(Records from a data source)

━━━━━━━━━━━━━━━━

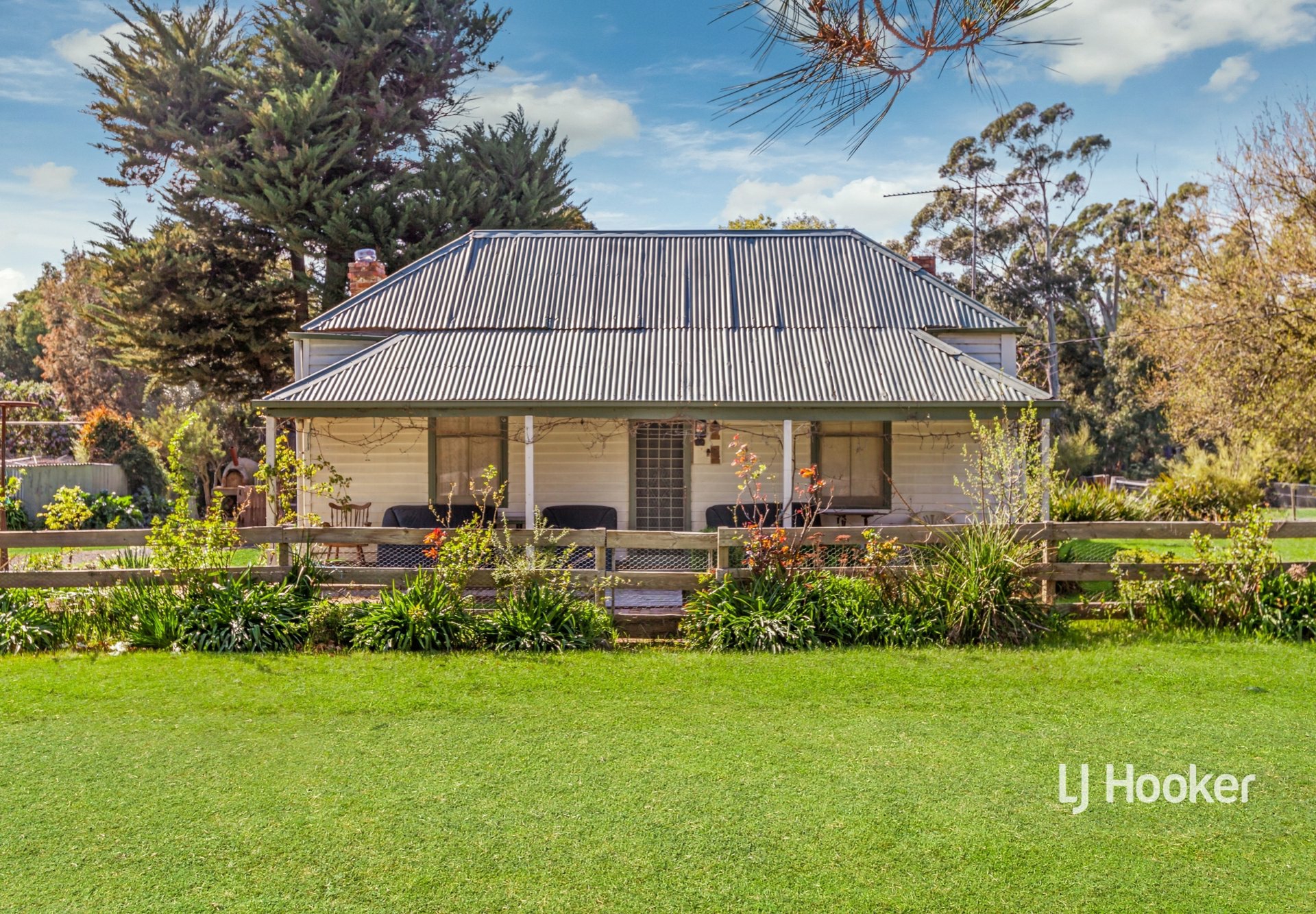 Inside, the home boasts stained floorboards and high ceilings throughout its three bedrooms, evoking a sense of history and character. Recent updates include re-stumping in 2021 and a renovated bathroom, blending comfort with timeless charm. The home also has a separate powder room. The traditional front verandah and rear porch sitting areas offer ideal spots to unwind and soak in the serene surroundings.
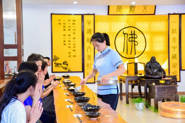一粥一飯當思來之不易。經行體驗結束,業主們享受了難得的禪意素齋,在獨特的用齋環境里,入口的每一粒食物,都蘊含著對佛理的感悟,也都包含著美盛地產集團對禪文化的美好傳承。
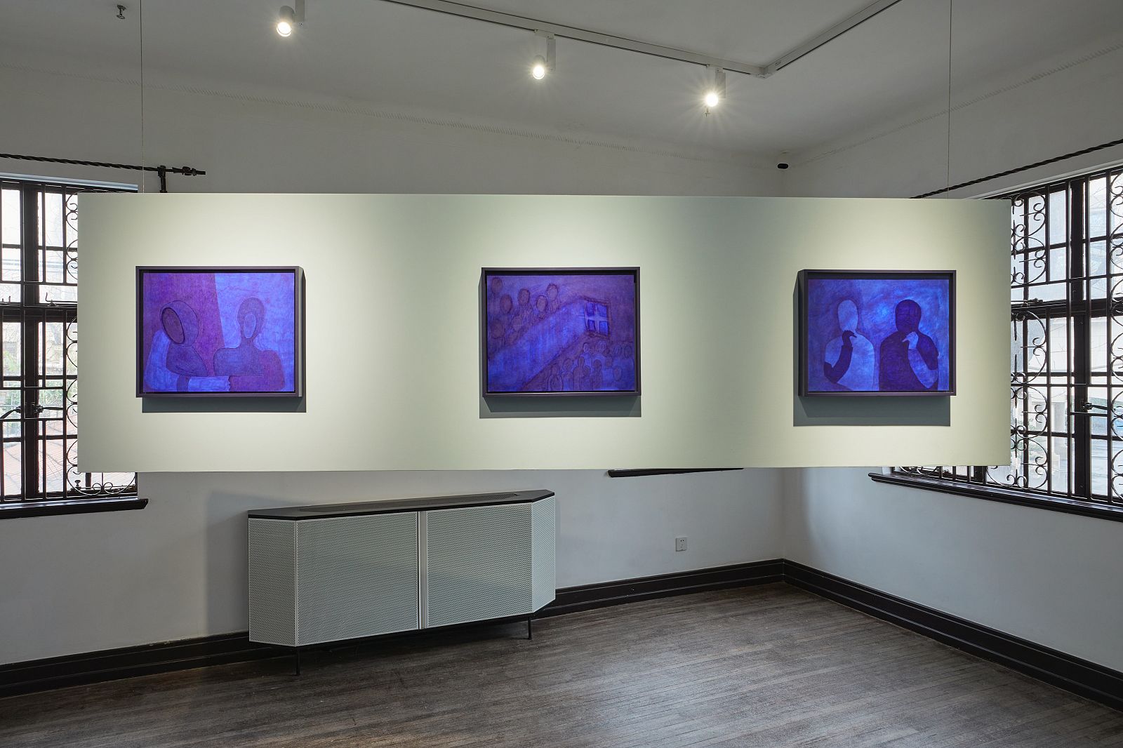 从左至右:瓦吉科·恰齐亚尼,《工人和她的影子》、《电梯里的矿工们》、《工人和他的影子》,纸上马克笔,29.5×36.8cm,2023. “每一次沉默都是隐蔽空间”展览现场,花厅计划. 摄影:叶枫荻
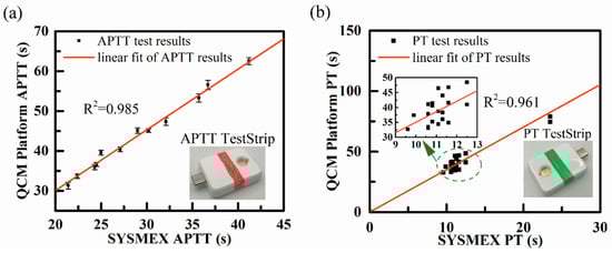 Figure 8. QCM coagulation testing platform results. (a) Comparison of twelve APTT measurements between the testing platform and CS-5100 hemostasis system. (b) Comparison of PT measurements between the testing platform and CS-5100 hemostasis system.
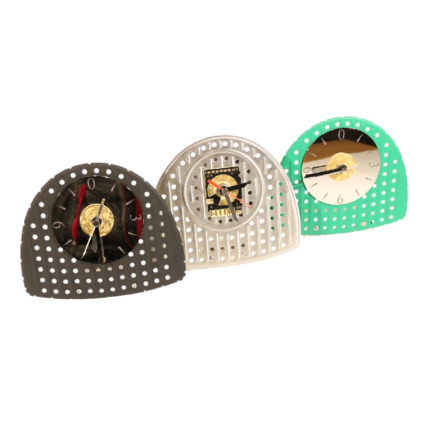 Große Tischuhr aus recyceltem Espressoblech mit farbigem Vordergrund.
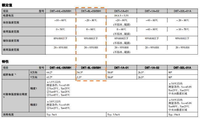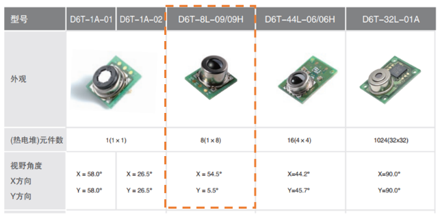 歐姆龍非接觸溫度傳感器D6T-8L-09以其紅外測檢測,I2C數(shù)字輸出,抗干擾性強(qiáng)三大優(yōu)勢為您的產(chǎn)品增加人體感應(yīng)功能,讓您的產(chǎn)品穩(wěn)定可靠,獨(dú)具特色。此傳感器像素為1x8,檢測區(qū)域呈長條形,橫向視場角54.5°,縱向視場角 5.5°,可根據(jù)產(chǎn)品的實(shí)際應(yīng)用進(jìn)行安裝角度調(diào)整。
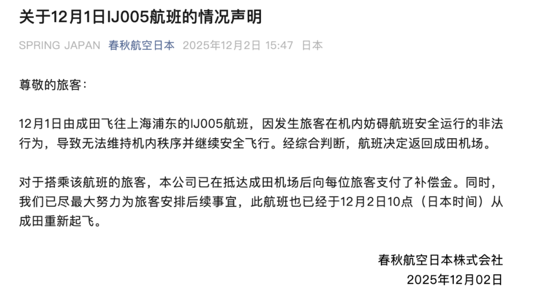 12月2日,春秋航空日本株式会社发布“关于12月1日IJ005航班的情况声明”——
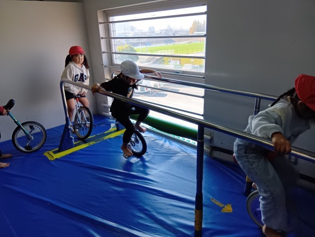 プラネタリウムを見た後、のびのび広場で遊んでいます。
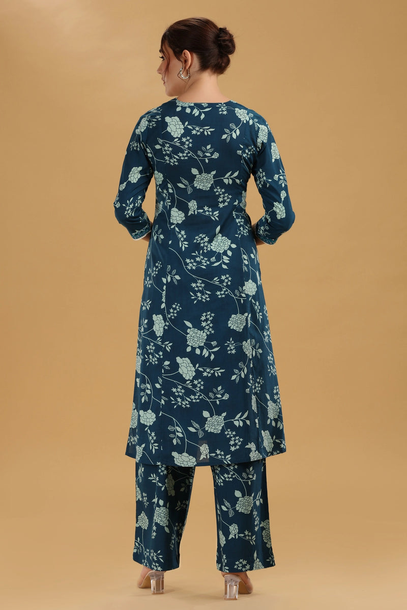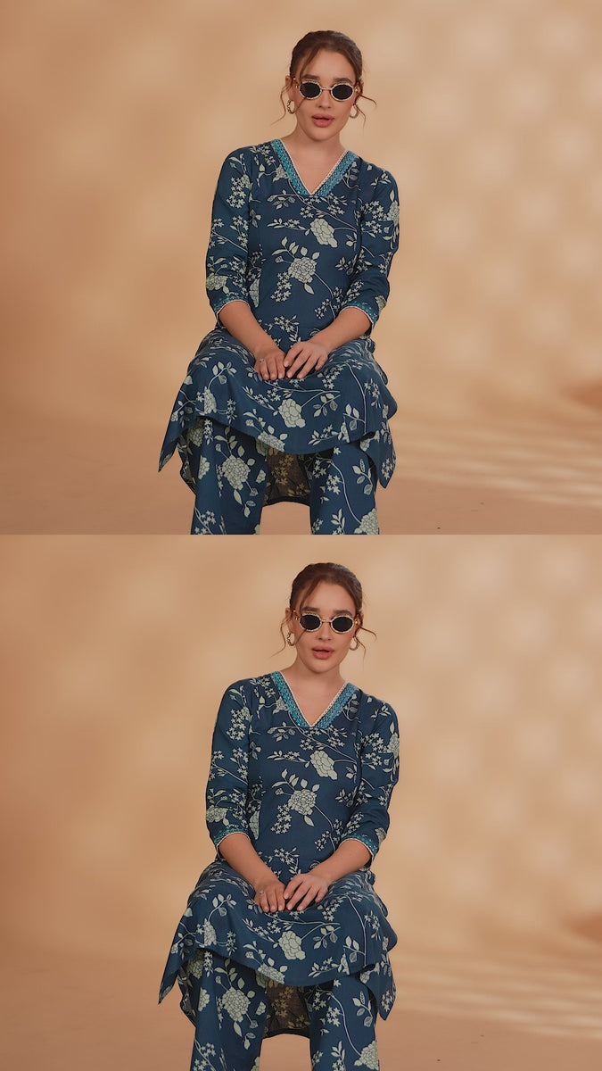 Indigo Blue Flex Cotton Floral Printed A Line Kurta Pant Co ord Set
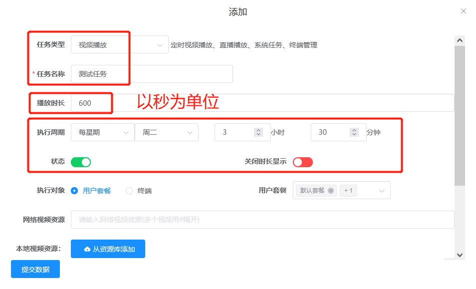 插播业务-一次性视频播放任务
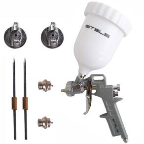 Aplicador de pintura pneumática com tanque alto e alimentação por gravidade, indicada para aplicação protetora em diversas superfícies, como: plástico, metal, madeira e cerâmica. Produzida em liga de alumínio fundido, conta com sistema de regulação, circulação de ar e pressão. Ideal para a realização de trabalhos internos e externos, em oficinas de reparação de automóveis.
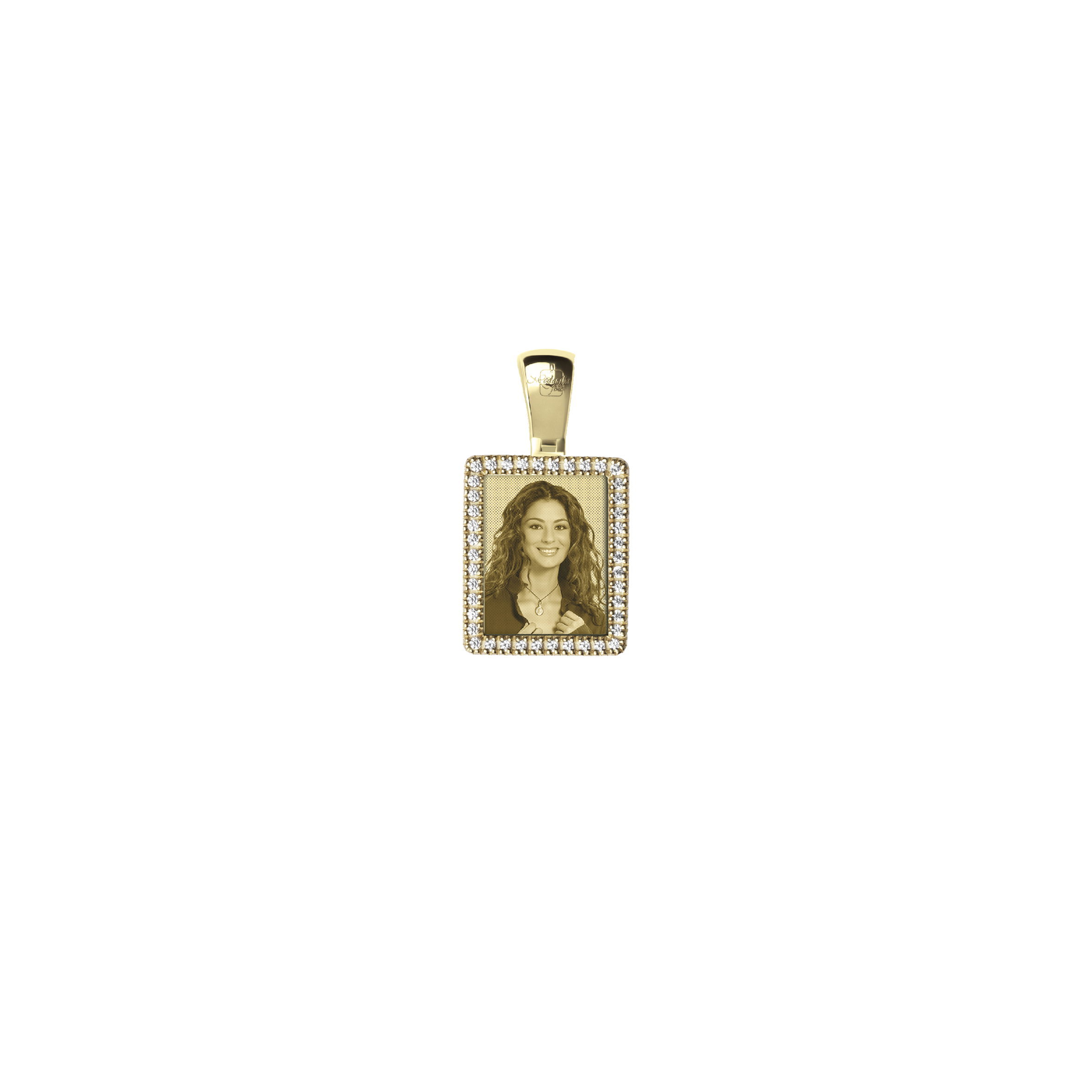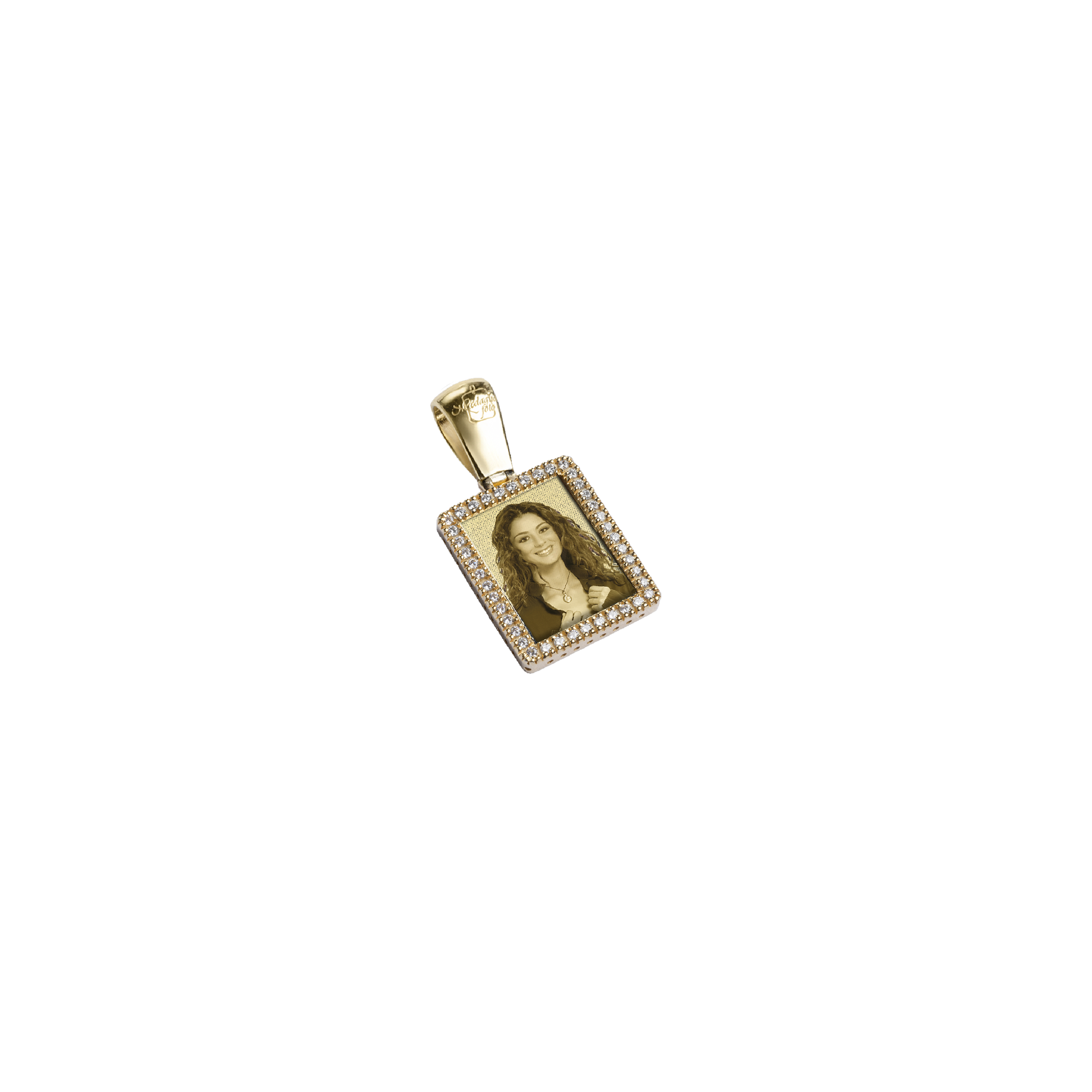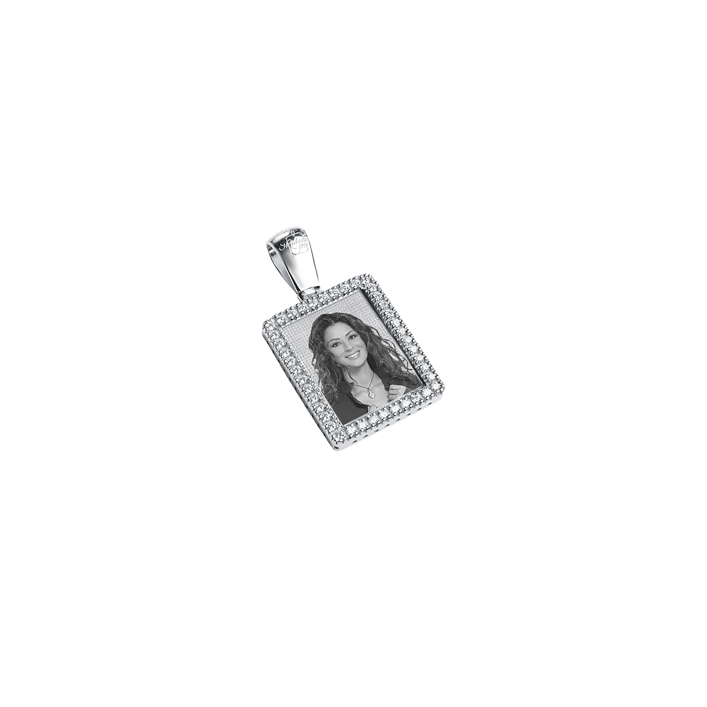 Un elegante rettangolo di oro 9kt, impreziosito da diamanti preziosi, racchiude un ricordo indelebile. La foto incisa al suo interno rende ogni dettaglio unico e personale, catturando l’emozione di un istante speciale. La lucentezza dell'oro e il bagliore dei diamanti ne esaltano la bellezza, creando un gioiello che parla al cuore. Un simbolo di affetto eterno, da custodire per sempre.

━━━━━━━━━━━━━━━━

● **WHAT YOU ARE ASKED TO DO**: A verbatim copy of the data, free of pictures, is the expected answer.

● **EXERCISE RESULT**:
 Inside, the home boasts stained floorboards and high ceilings throughout its three bedrooms, evoking a sense of history and character. Recent updates include re-stumping in 2021 and a renovated bathroom, blending comfort with timeless charm. The home also has a separate powder room. The traditional front verandah and rear porch sitting areas offer ideal spots to unwind and soak in the serene surroundings.
一粥一飯當思來之不易。經行體驗結束,業主們享受了難得的禪意素齋,在獨特的用齋環境里,入口的每一粒食物,都蘊含著對佛理的感悟,也都包含著美盛地產集團對禪文化的美好傳承。
 从左至右:瓦吉科·恰齐亚尼,《工人和她的影子》、《电梯里的矿工们》、《工人和他的影子》,纸上马克笔,29.5×36.8cm,2023. “每一次沉默都是隐蔽空间”展览现场,花厅计划. 摄影:叶枫荻
 Figure 8. QCM coagulation testing platform results. (a) Comparison of twelve APTT measurements between the testing platform and CS-5100 hemostasis system. (b) Comparison of PT measurements between the testing platform and CS-5100 hemostasis system.
 Große Tischuhr aus recyceltem Espressoblech mit farbigem Vordergrund.
 歐姆龍非接觸溫度傳感器D6T-8L-09以其紅外測檢測,I2C數(shù)字輸出,抗干擾性強(qiáng)三大優(yōu)勢為您的產(chǎn)品增加人體感應(yīng)功能,讓您的產(chǎn)品穩(wěn)定可靠,獨(dú)具特色。此傳感器像素為1x8,檢測區(qū)域呈長條形,橫向視場角54.5°,縱向視場角 5.5°,可根據(jù)產(chǎn)品的實(shí)際應(yīng)用進(jìn)行安裝角度調(diào)整。
 12月2日,春秋航空日本株式会社发布“关于12月1日IJ005航班的情况声明”——
 プラネタリウムを見た後、のびのび広場で遊んでいます。
 Indigo Blue Flex Cotton Floral Printed A Line Kurta Pant Co ord Set
 插播业务-一次性视频播放任务
 Aplicador de pintura pneumática com tanque alto e alimentação por gravidade, indicada para aplicação protetora em diversas superfícies, como: plástico, metal, madeira e cerâmica. Produzida em liga de alumínio fundido, conta com sistema de regulação, circulação de ar e pressão. Ideal para a realização de trabalhos internos e externos, em oficinas de reparação de automóveis.
 Un elegante rettangolo di oro 9kt, impreziosito da diamanti preziosi, racchiude un ricordo indelebile. La foto incisa al suo interno rende ogni dettaglio unico e personale, catturando l’emozione di un istante speciale. La lucentezza dell'oro e il bagliore dei diamanti ne esaltano la bellezza, creando un gioiello che parla al cuore. Un simbolo di affetto eterno, da custodire per sempre.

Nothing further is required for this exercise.